🤖 AI Summary
Existing benchmarks overlook physical reasoning—the integration of domain knowledge, symbolic reasoning, and real-world physical constraints. Method: We introduce PhyX, the first large-scale visual benchmark for physical reasoning, covering six core physics domains, 25 subfields, and over 3,000 multimodal questions. It formally defines and quantifies physical reasoning capability and establishes a fine-grained, multi-paradigm evaluation framework. Our methodology integrates cross-domain physical knowledge modeling, case-driven attribution analysis, and a VLMEvalKit-compatible evaluation protocol.
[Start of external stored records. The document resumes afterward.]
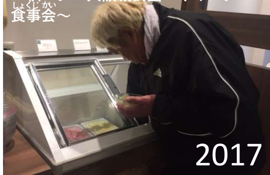
あき おおさかじょうこうえん ～秋レク 食事会～ 大阪城公園バイキング 2017
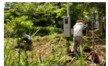
繁茂した草を刈り取る
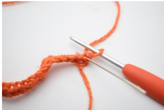
2. Från och med nu virkas endast i bmb.
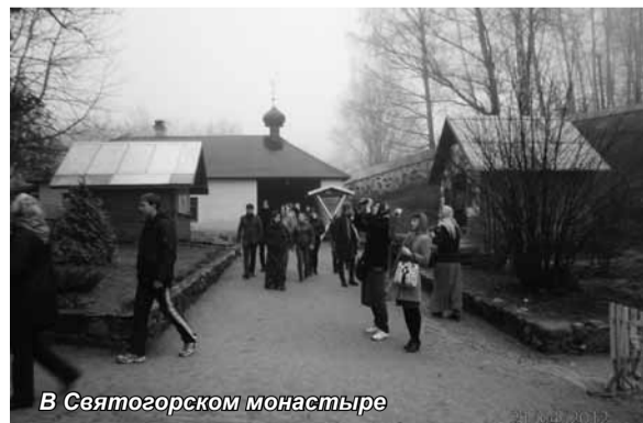
В Святогорском монастыре

Для студентов, получающих образование в туристской сфере деятельности, экскурсионные поездки являются учебными. Обучающиеся смогли убедиться, что Псковская область обладает богатым природно-ресурсным потенциалом. Наличие большого количества водных ресурсов, в том числе и минеральных вод благоприятно сказывается на организации туризма и отдыха различных видов. Область обладает благоприятными ландшафтами, в том числе и запознанными. По своим рекреационным качествам Псковская земля может быть отнесена к высшей категории. Варяжский князь Игорь, переправлявшийся здесь
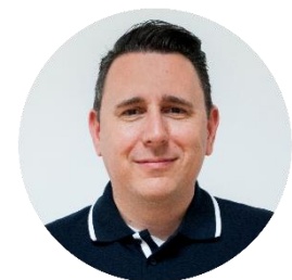
Christian Butta Vertrieb
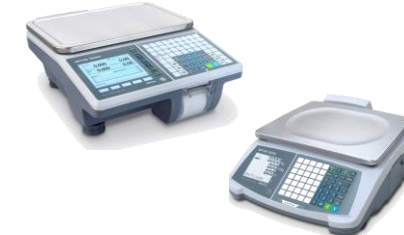
Balance compacte AVEC ticket
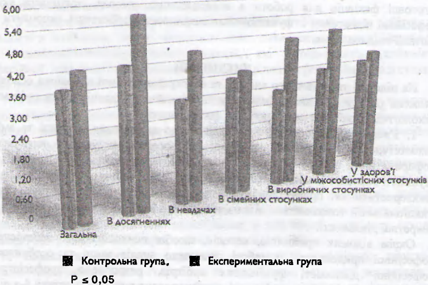
Рис. 2. Показники методики «Рівень суб'єктивного контролю» після психокорекції

Істотні зміни наступили у проявах локусу-контролю. Результати порівняння вираженості інтернатальності в контрольній та експериментальній групах наведені на рисунку 2.
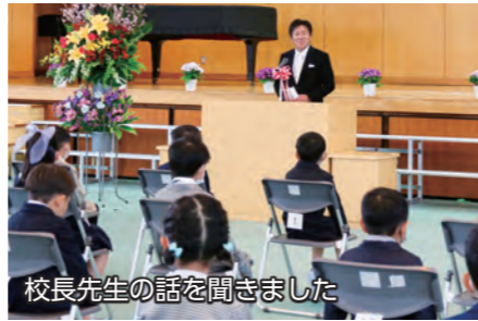
校長先生の話を楽しみました

4月7日、市内の小学校23校で入学式が行われ、1,640人の新1年生が誕生しました。
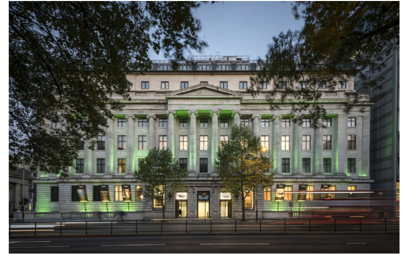
位在倫敦鬧區的 Wellcome Collection。

在什麼樣的博物館裡可以發現拿破崙的牙刷、斷頭台上的舊刀片和三百年歷史的人體義肢？從各個宗教裡的護身符、修士穿的鐵針鞋到手術台上的產鉗，幾乎所有關於身體、信仰、醫學的物件都可以在這裡一探究竟，那就是位在倫敦的惠康收藏館（Wellcome Collection），專注於跨學科的呈現，讓醫學、人文、科學、藝術交融在一起。
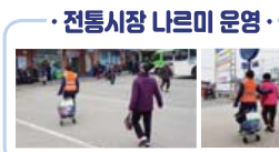
· 전통시장 나르미 운영 ·
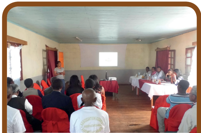
Teo anatrehan'ny vondron'ny mpitsara sy ny tompon' andraikitra ny fandaharan'asa no nifaninanana'ny rehetra.
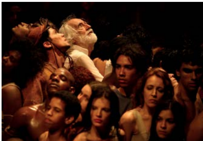
■ Os Sertões (2002)
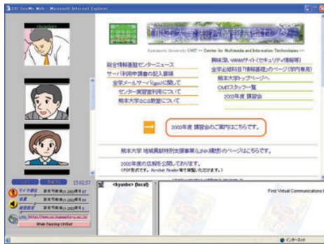
図 5: Web 共有機能のイメージ図

Web 共有機能 インターネットの Web 画面を共有しながらテレビ会議システムにより会話したり，調べ物を行うことができます。
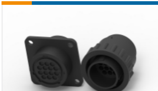
TE 产品编号183039-1 欧洲、中东和非洲 CPC
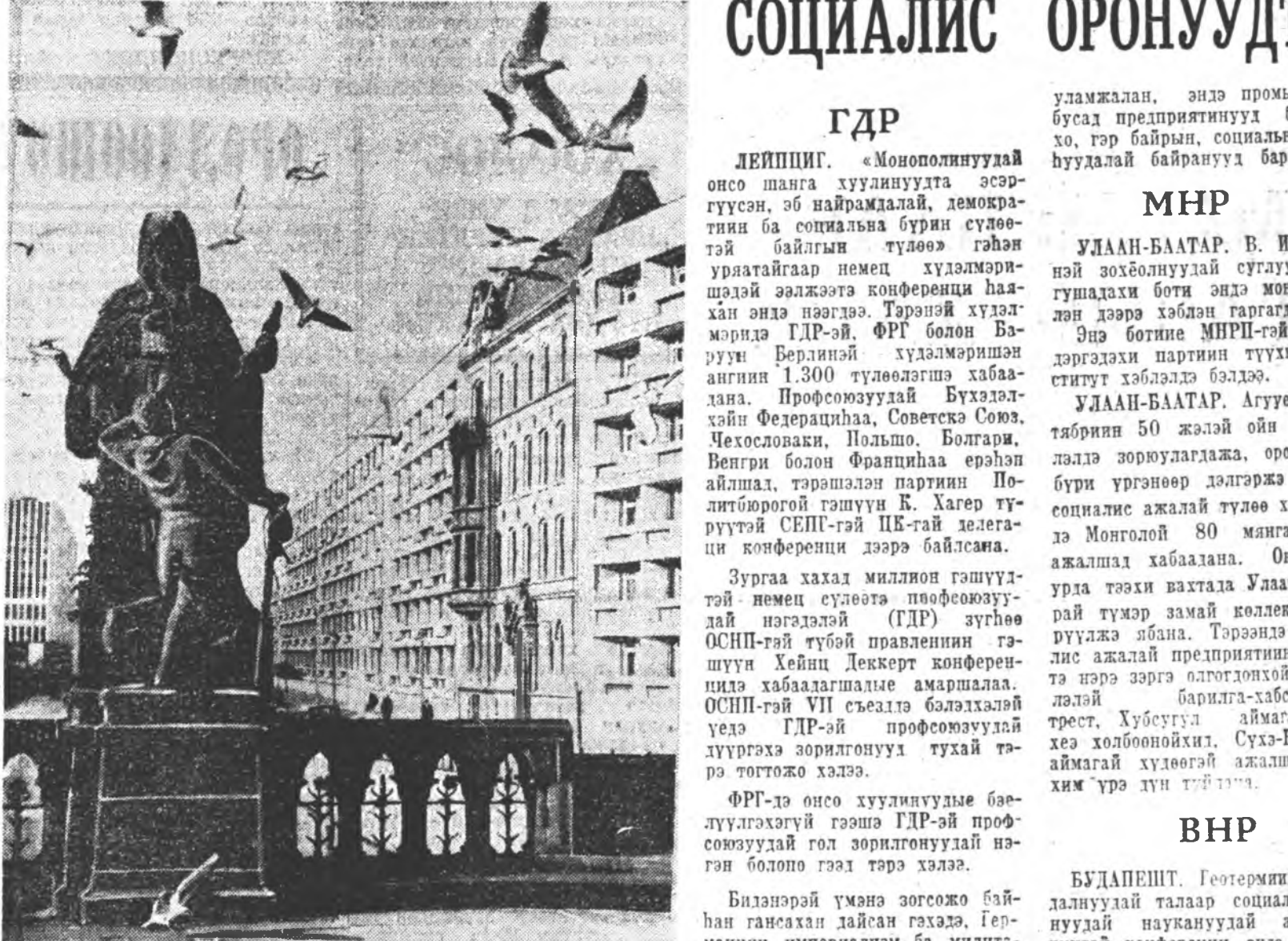
БЕРЛИН. Германиян Демократическа Республннн нинслэл хото жэлнэ жал бүхэндэ урган халбарна. Жэшээлхэдэ, Гертруденбрюке гэжэ хүүргэ дээрэнэ харахада, байрын гэрнүүд (баруун гарнаа), Гадаадын хэрэгүүдэй министртын ордон эхэ гөбөр харагдадаг юм. Урданай архитектурн хүшөөнүүдэй саагуур шэнэ үндэр гэрнүүд эрбылэн харагдана.

Contribution/Results: PhyX reveals fundamental limitations in state-of-the-art multimodal LLMs (e.g., GPT-4o), including rote memorization, formula dependency, and superficial visual matching—yielding accuracies of only 32.5%–45.8%, over 29 percentage points below human experts. The benchmark and an open-source, one-click evaluation toolkit are publicly released to advance standardized research in physics-aware AI.
📝 Abstract
Existing benchmarks fail to capture a crucial aspect of intelligence: physical reasoning, the integrated ability to combine domain knowledge, symbolic reasoning, and understanding of real-world constraints. To address this gap, we introduce PhyX: the first large-scale benchmark designed to assess models capacity for physics-grounded reasoning in visual scenarios. PhyX includes 3K meticulously curated multimodal questions spanning 6 reasoning types across 25 sub-domains and 6 core physics domains: thermodynamics, electromagnetism, mechanics, modern physics, optics, and wave&acoustics. In our comprehensive evaluation, even state-of-the-art models struggle significantly with physical reasoning. GPT-4o, Claude3.7-Sonnet, and GPT-o4-mini achieve only 32.5%, 42.2%, and 45.8% accuracy respectively-performance gaps exceeding 29% compared to human experts. Our analysis exposes critical limitations in current models: over-reliance on memorized disciplinary knowledge, excessive dependence on mathematical formulations, and surface-level visual pattern matching rather than genuine physical understanding. We provide in-depth analysis through fine-grained statistics, detailed case studies, and multiple evaluation paradigms to thoroughly examine physical reasoning capabilities. To ensure reproducibility, we implement a compatible evaluation protocol based on widely-used toolkits such as VLMEvalKit, enabling one-click evaluation.